Given data Block Start
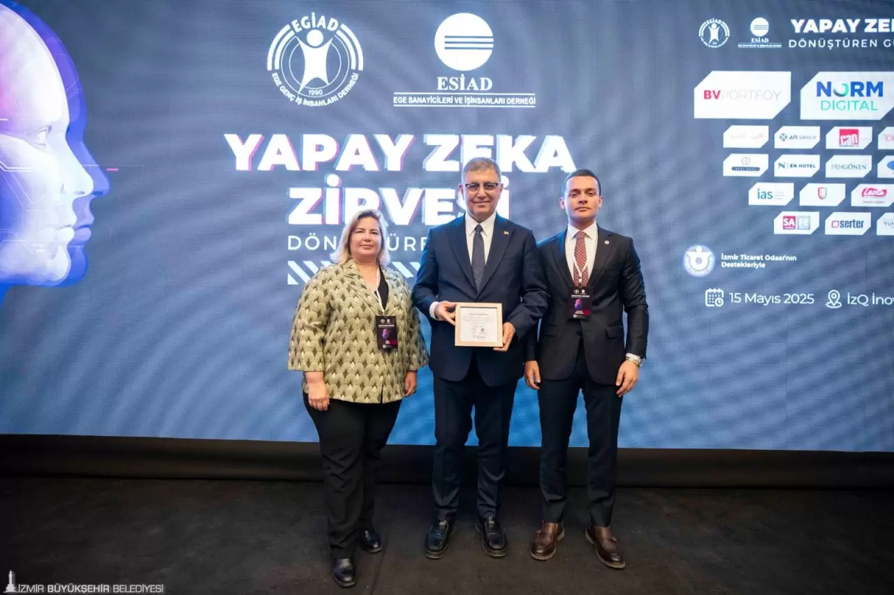 İzmir Büyükşehir Belediye Başkanı Dr. Cemil Tugay, Ege Genç İş İnsanları Derneği (EGİAD) ve Ege Sanayicileri ve İş İnsanları Derneği’nin (ESİAD) İzQ İnovsyon Merkezi’nde gerçekleştirdiği “Dönüştüren Güç” başlıklı Yapay Zekâ Zirvesi’ne katıldı. Yapay zekâ teknolojilerine ilişkin önemli değerlendirmelerde bulunan Başkan Tugay, Türkiye ve İzmir’in bugünkü haliyle yapay zekâ teknolojisine üretici olarak hakim olmadığını ancak gençlerden çok umutlu olduğunu ifade etti. Başkan Tugay, “Türkiye’de ve dünyada bir şeylerin iyiye gitmediğini ve değişmesi için bir şeyler yapması gerektiğini düşünen gençler, her türlü yenilikçi çalışmada olduğu gibi bu konuda da eminim çok dikkatliler, çok çalışkanlar ve bir şeylerin değişmesini sağlayabilirler” diye konuştu.
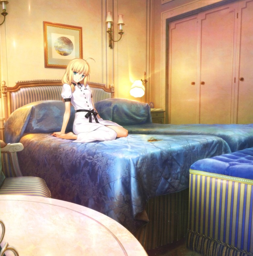 画像みたいに高級なホテルで一夜を過ごして、朝になっても裸でベッドから出ずにイチャイチャ…というのでもいいし安宿の擦り切れた寝床の上でアルトリアの脚を開かせる士郎というのもいいと思う
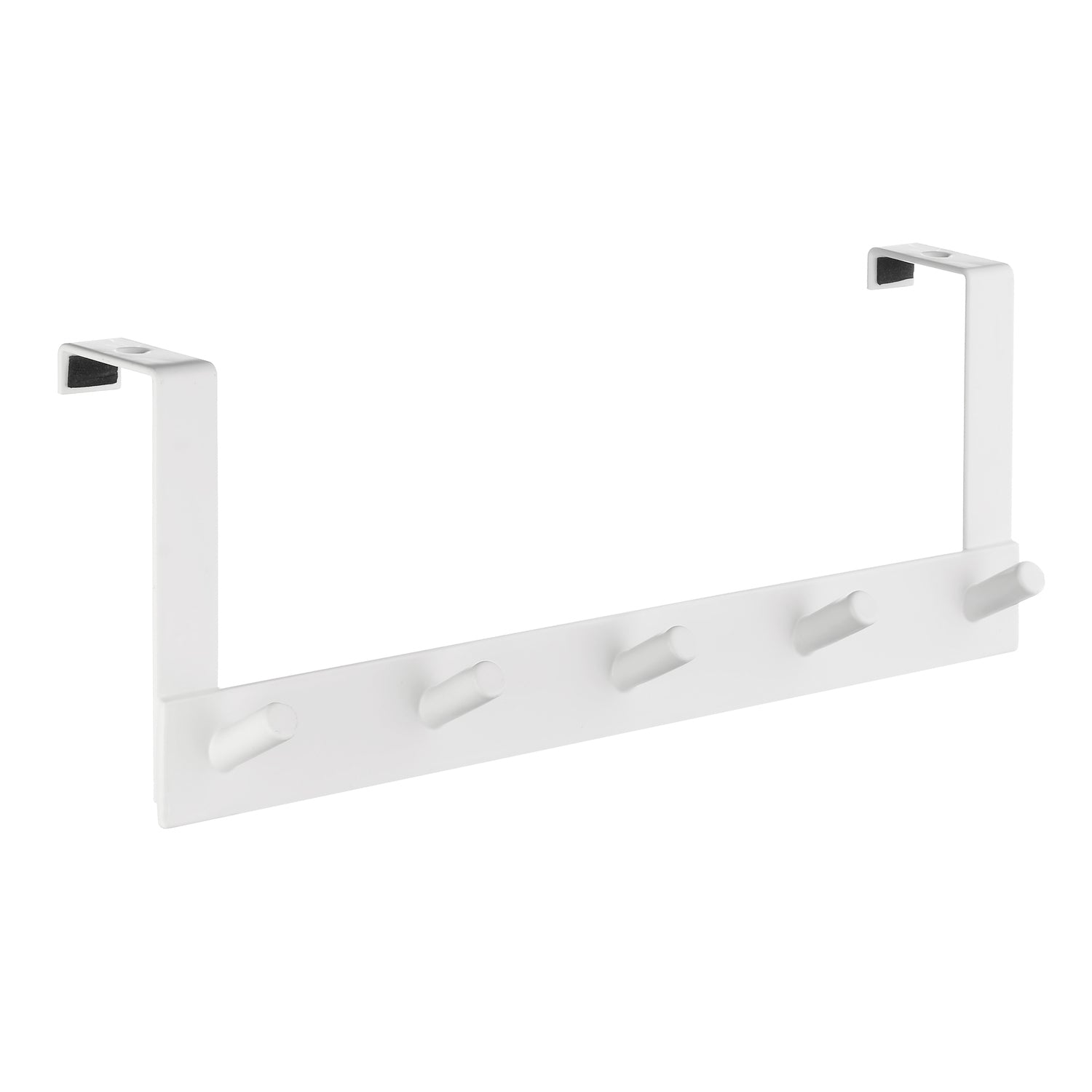 This white over-door hook rail features five brushed-steel hooks. The bright design blends seamlessly into the surroundings, creating organisation without clutter.
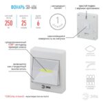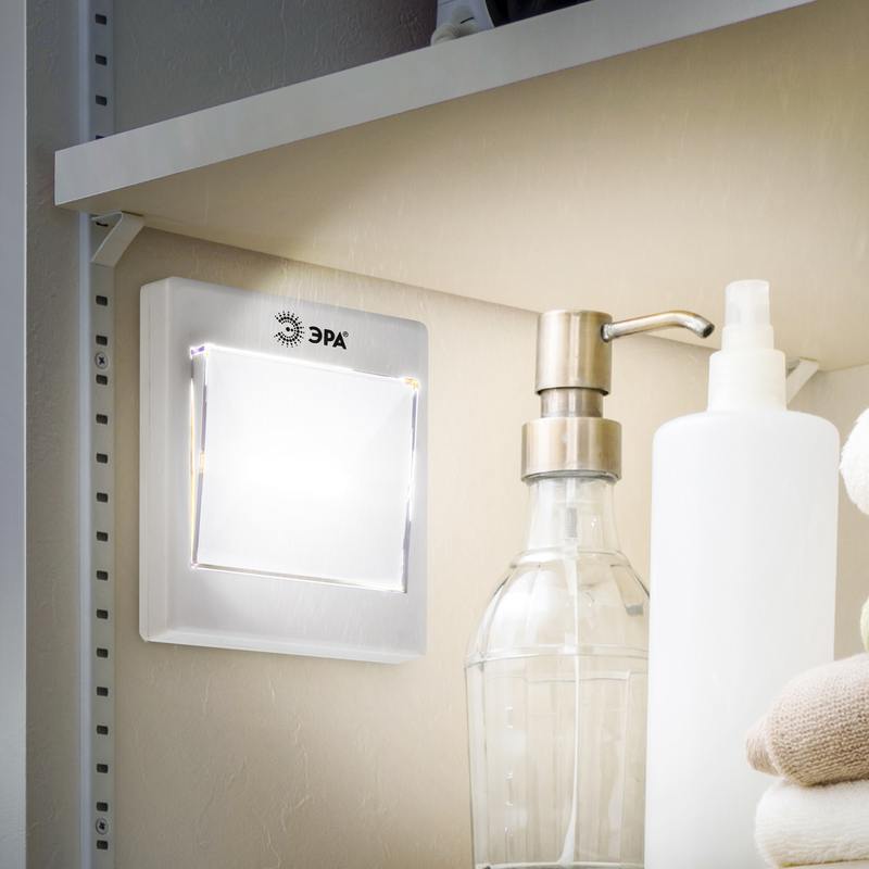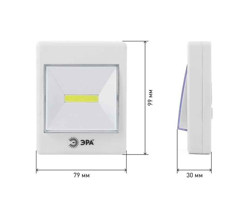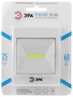 ЭРА SB-606 — компактный светодиодный фонарь-пушлайт, работающий по принципу традиционного выключателя. Создан для освещения помещений без стационарного света и для дополнительной подсветки затемнённых мест. Сверхъяркий и суперэкономичный свет chip on board — мультикристалл на плате. Широкий угол светового пучка даёт качественное заливающее освещение. Быстрое закрепление на любой гладкой поверхности, удобное включение и простота в управлении. Чтобы закрепить фонарь на любую ровную поверхность, потребуется всего минута. Самоклеящаяся основа и само устройство соединяются друг с другом при помощи прочной липучки. Это даёт большое преимущество при последующих заменах батареек — фонарь легко снимается и снова закрепляется на текстильную застёжку. Имеется и дополнительный вариант крепления — углубление для подвешивания на шуруп или гвоздь. В самом центре выключателя расположена LED-плата с целым рядом мелких и очень ярких светодиодов. это промышленная технология, адаптированная для универсальных целей. Получился яркий, но при этом ровный мягкий свет, идеальный для бытовой подсветки. LED-мультикристаллы не тускнеют со временем и не нуждаются в замене. Они обеспечивают максимально широкий угол освещения с дальностью 25 метров. Фонарь-пушлайт ЭРА SB-606 идеален для подсветки полок шкафов и ящиков комодов, для дополнительной подсветки кухонных рабочих поверхностей, для освещения подсобок. Устройство экономично — от одного комплекта батареек (3хААА) работает свыше 60 активных часов.
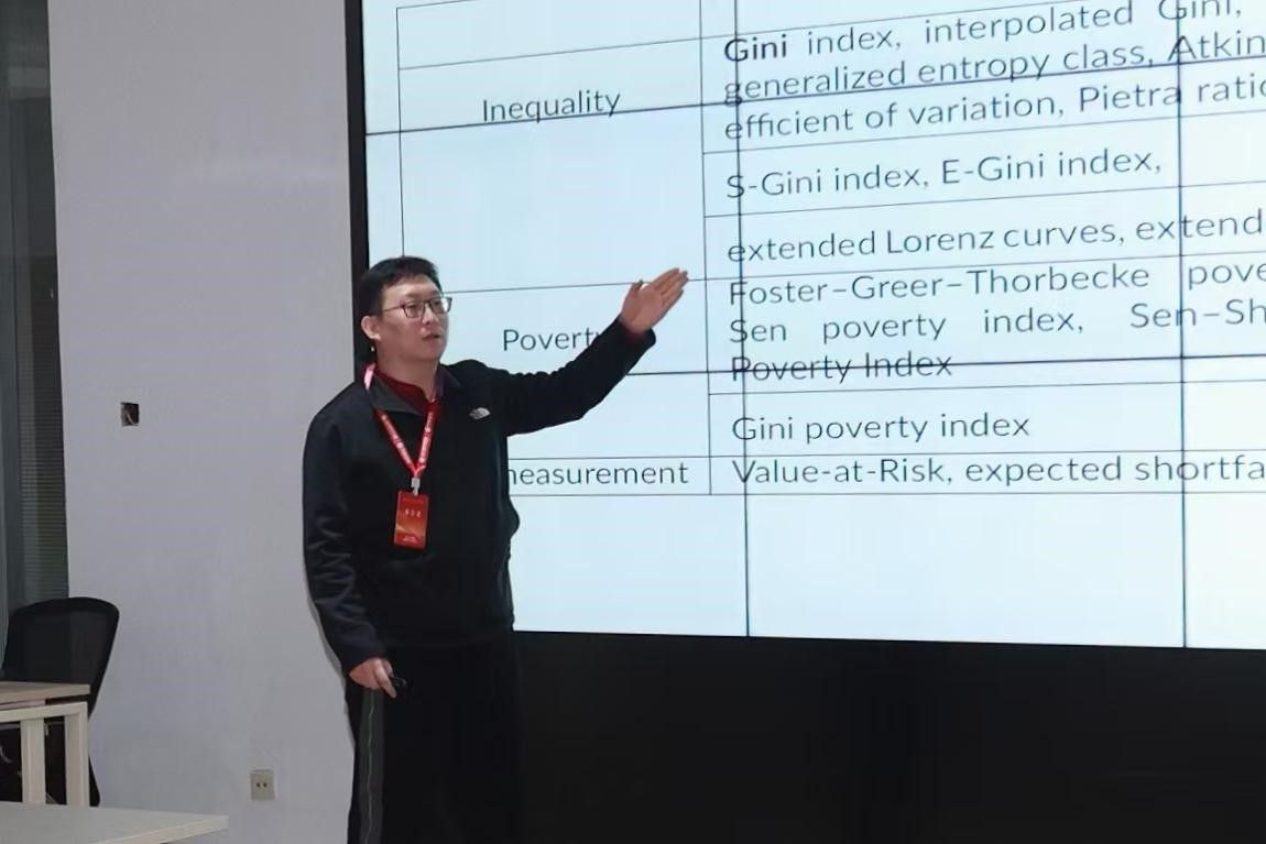 助理教授贺天宇在计量经济与经济统计分会场报告了与麦吉尔大学教授Jean-Marie Dufour的合作论文《基于相依样本的泛函比较以及不平等指标的应用》。他们主要研究在相依样本下,对渐近线性高斯泛函形式的福利指标的非参数统计推断。该方法广泛适用于不平等、贫困和风险测度指标。在比较不平等和贫困水平问题时,传统方法经常假定独立样本。但该假设并不适用于重叠样本或一般形式的相依样本。他们的研究提出基于此两类样本的渐进和自助检验方法。通过模拟实验,文章验证了方法的有效性,并且该方法由于考虑了样本相关性,能够提供更准确的结果。模拟实验还说明,当分布出现一定程度的厚尾特征,自助法表现更为稳健。最后文章应用所提出方法,比较了不用时期意大利居民财务收入的不平等水平。
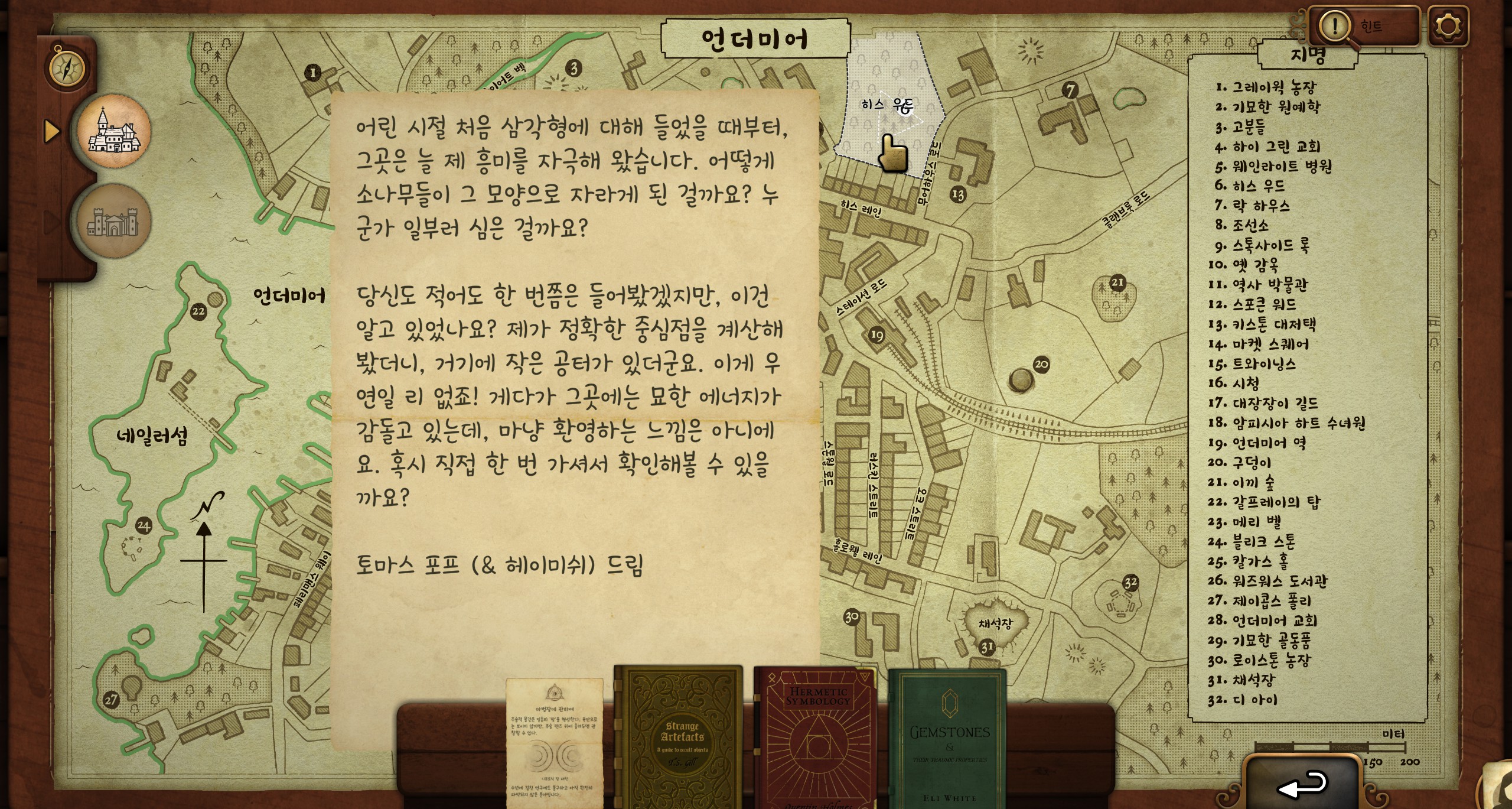 편지를 가지고 옵니다. 이번에는 언더미어로 탐험해 봅니다. 히스우드 가운데에 삼각형이 있습니다.
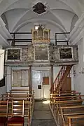 In other churches, this type of construction was also chosen for very shallow or very deep galleries. This placement always favours a good sound radiation of a small instrument into the church space.
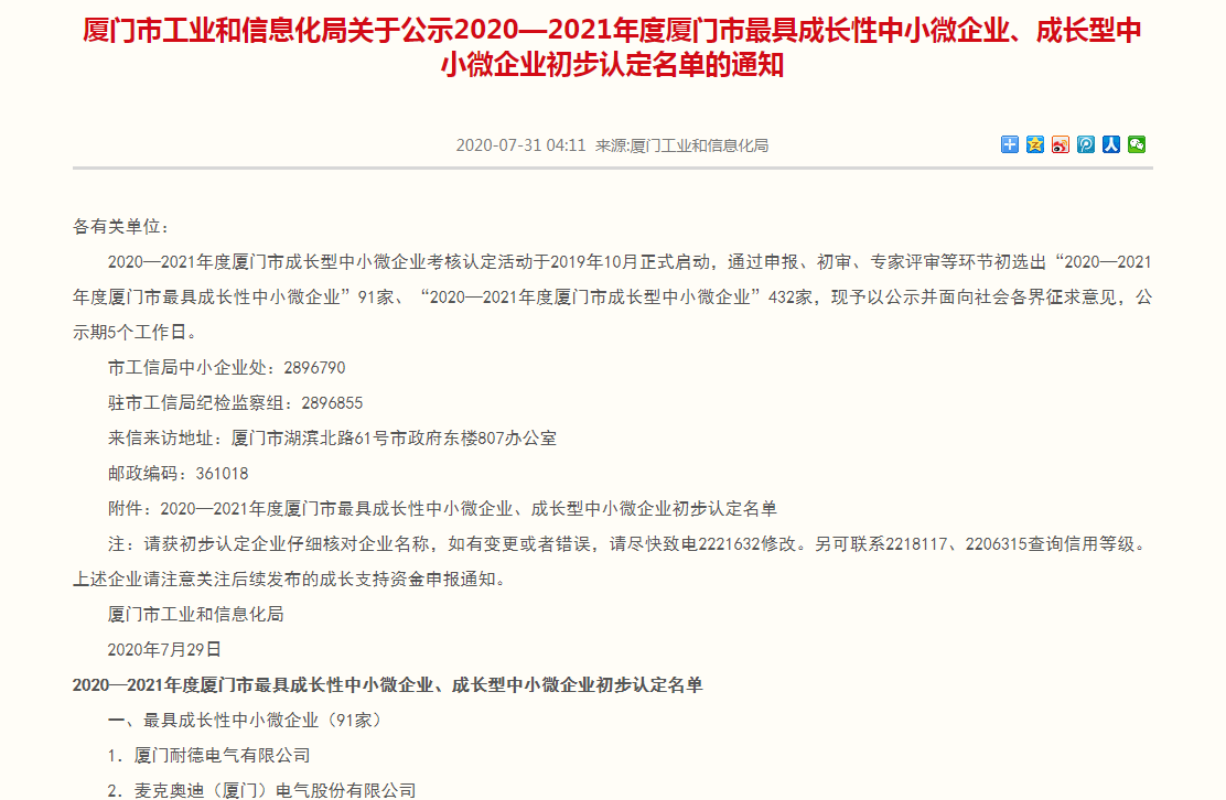 由厦门市工业和信息化局主办的2020-2021年度厦门市成长型中小微企业考核认定活动,于2019年10月正式启动,共选出“2020—2021年度厦门市最具成长性中小微企业”91家、“2020—2021年度厦门市成长型中小微企业”432家。
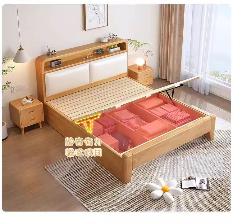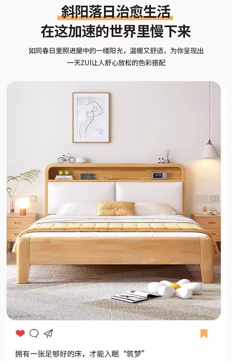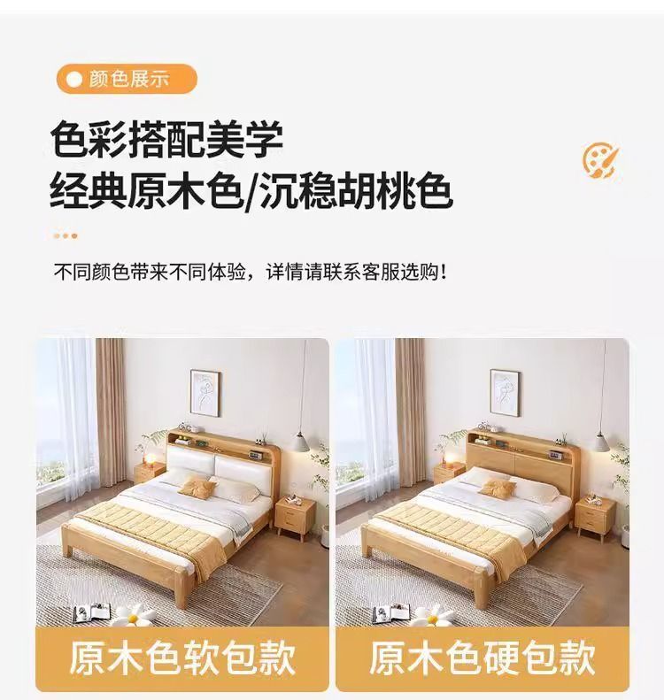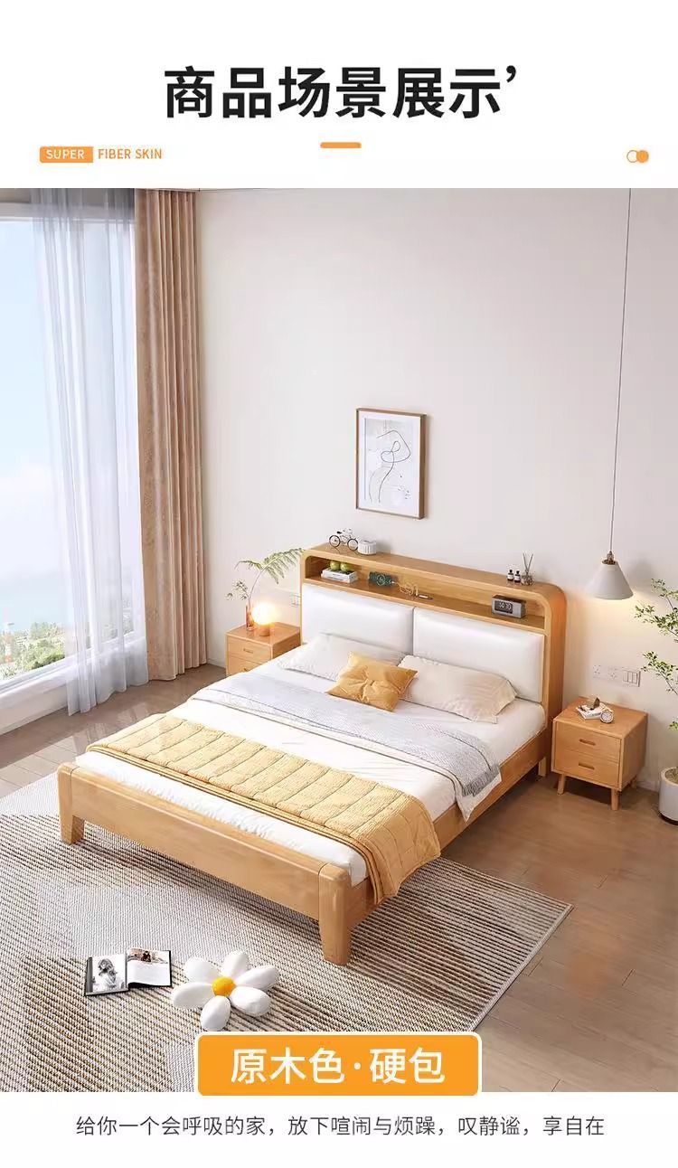 • 원목 고무나무 소프트 침대 [설치 포함]
Given data Block End
Quote the data above in full and without alteration; skip the pictures.

 İzmir Büyükşehir Belediye Başkanı Dr. Cemil Tugay, Ege Genç İş İnsanları Derneği (EGİAD) ve Ege Sanayicileri ve İş İnsanları Derneği’nin (ESİAD) İzQ İnovsyon Merkezi’nde gerçekleştirdiği “Dönüştüren Güç” başlıklı Yapay Zekâ Zirvesi’ne katıldı. Yapay zekâ teknolojilerine ilişkin önemli değerlendirmelerde bulunan Başkan Tugay, Türkiye ve İzmir’in bugünkü haliyle yapay zekâ teknolojisine üretici olarak hakim olmadığını ancak gençlerden çok umutlu olduğunu ifade etti. Başkan Tugay, “Türkiye’de ve dünyada bir şeylerin iyiye gitmediğini ve değişmesi için bir şeyler yapması gerektiğini düşünen gençler, her türlü yenilikçi çalışmada olduğu gibi bu konuda da eminim çok dikkatliler, çok çalışkanlar ve bir şeylerin değişmesini sağlayabilirler” diye konuştu.
 画像みたいに高級なホテルで一夜を過ごして、朝になっても裸でベッドから出ずにイチャイチャ…というのでもいいし安宿の擦り切れた寝床の上でアルトリアの脚を開かせる士郎というのもいいと思う
 This white over-door hook rail features five brushed-steel hooks. The bright design blends seamlessly into the surroundings, creating organisation without clutter.
 ЭРА SB-606 — компактный светодиодный фонарь-пушлайт, работающий по принципу традиционного выключателя. Создан для освещения помещений без стационарного света и для дополнительной подсветки затемнённых мест. Сверхъяркий и суперэкономичный свет chip on board — мультикристалл на плате. Широкий угол светового пучка даёт качественное заливающее освещение. Быстрое закрепление на любой гладкой поверхности, удобное включение и простота в управлении. Чтобы закрепить фонарь на любую ровную поверхность, потребуется всего минута. Самоклеящаяся основа и само устройство соединяются друг с другом при помощи прочной липучки. Это даёт большое преимущество при последующих заменах батареек — фонарь легко снимается и снова закрепляется на текстильную застёжку. Имеется и дополнительный вариант крепления — углубление для подвешивания на шуруп или гвоздь. В самом центре выключателя расположена LED-плата с целым рядом мелких и очень ярких светодиодов. это промышленная технология, адаптированная для универсальных целей. Получился яркий, но при этом ровный мягкий свет, идеальный для бытовой подсветки. LED-мультикристаллы не тускнеют со временем и не нуждаются в замене. Они обеспечивают максимально широкий угол освещения с дальностью 25 метров. Фонарь-пушлайт ЭРА SB-606 идеален для подсветки полок шкафов и ящиков комодов, для дополнительной подсветки кухонных рабочих поверхностей, для освещения подсобок. Устройство экономично — от одного комплекта батареек (3хААА) работает свыше 60 активных часов.
 助理教授贺天宇在计量经济与经济统计分会场报告了与麦吉尔大学教授Jean-Marie Dufour的合作论文《基于相依样本的泛函比较以及不平等指标的应用》。他们主要研究在相依样本下,对渐近线性高斯泛函形式的福利指标的非参数统计推断。该方法广泛适用于不平等、贫困和风险测度指标。在比较不平等和贫困水平问题时,传统方法经常假定独立样本。但该假设并不适用于重叠样本或一般形式的相依样本。他们的研究提出基于此两类样本的渐进和自助检验方法。通过模拟实验,文章验证了方法的有效性,并且该方法由于考虑了样本相关性,能够提供更准确的结果。模拟实验还说明,当分布出现一定程度的厚尾特征,自助法表现更为稳健。最后文章应用所提出方法,比较了不用时期意大利居民财务收入的不平等水平。
 편지를 가지고 옵니다. 이번에는 언더미어로 탐험해 봅니다. 히스우드 가운데에 삼각형이 있습니다.
 In other churches, this type of construction was also chosen for very shallow or very deep galleries. This placement always favours a good sound radiation of a small instrument into the church space.
 由厦门市工业和信息化局主办的2020-2021年度厦门市成长型中小微企业考核认定活动,于2019年10月正式启动,共选出“2020—2021年度厦门市最具成长性中小微企业”91家、“2020—2021年度厦门市成长型中小微企业”432家。
 • 원목 고무나무 소프트 침대 [설치 포함]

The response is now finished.